Delete its contents and replace this with:

Code

import { getSession } from 'next-auth/react'

export default async (req, res) => {
  const session = await getSession({ req })
  if (session) {
    res.status(200).json({ status: `signed in as: ${session.user.email}` })
  } else {
    res.status(401).json({ status: `not signed in` })
  }
}

#### Testing

That's it for the setup. You can test everything is working with:

Code

npm run dev

#### Next Steps

[this needs editing...]

By default, the only stuff available in the session on the front end are:

Code

{
  user: {
    name: 'some name',
    email: 'name@example.com',
    image: 'image_uri'
  },
  expires: '2022-04-17T03:32:54.523Z'
}

That really only tells you if someone is logged in or not and doesn't provide access to information from the profile that can be used to make display changes based off group access. (Note, this is only about display stuff and should not be considered secure for locking down access to things.)
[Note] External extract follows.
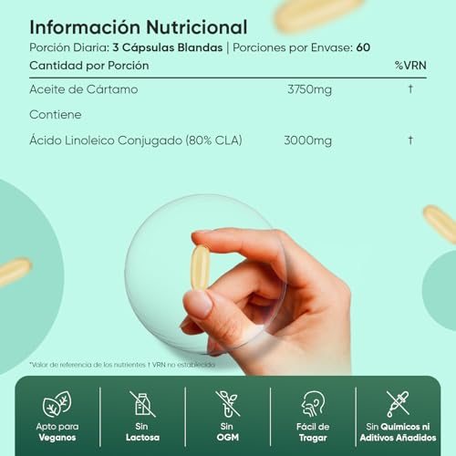 CLA Vegano y de Ingredientes de Orgien Natural – Este CLA está formulado con aceite de cártamo puro natural, sin OGM, químicos ni aditivos añadidos. Además, es completamente apto para dietas veganas, sin gluten y sin lactosa. Gracias a su formato perla y tamaño reducido, estas cápsulas blandas son fáciles de tomar.

To pass profile data based on the results of the sign in you have to pass from signIn -< jwt -< session.

TODO: write this up:

Code

import NextAuth from 'next-auth'
import OneLoginProvider from 'next-auth/providers/onelogin'

export default NextAuth({
  providers: [
    OneLoginProvider({
      clientId: process.env.ONELOGIN_CLIENT_ID,
      clientSecret: process.env.ONELOGIN_CLIENT_SECRET,
      issuer: process.env.ONELOGIN_ISSUER,
      // this line is required to override the defaults and get groups
      authorization: { params: { scope: 'openid profile email groups' } },
    }),
  ],

  callbacks: {
    async signIn({ user, account, profile, email, credentials }) {
      user.custom_data = 'HEREREHERE'
      return true
    },

    async session({ session, user, token }) {
      session.custom_data = token.custom_data
      return session
    },

    async jwt({ token, user, account, profile, isNewUser }) {
      if (user !== undefined) {
        token.custom_data = user.custom_data
      }
      return token
    },
  },
})

Also point out that you can use profile from jwt without having to start at signIn

TODO Check API stuff for what's there for dealing with request like that as well.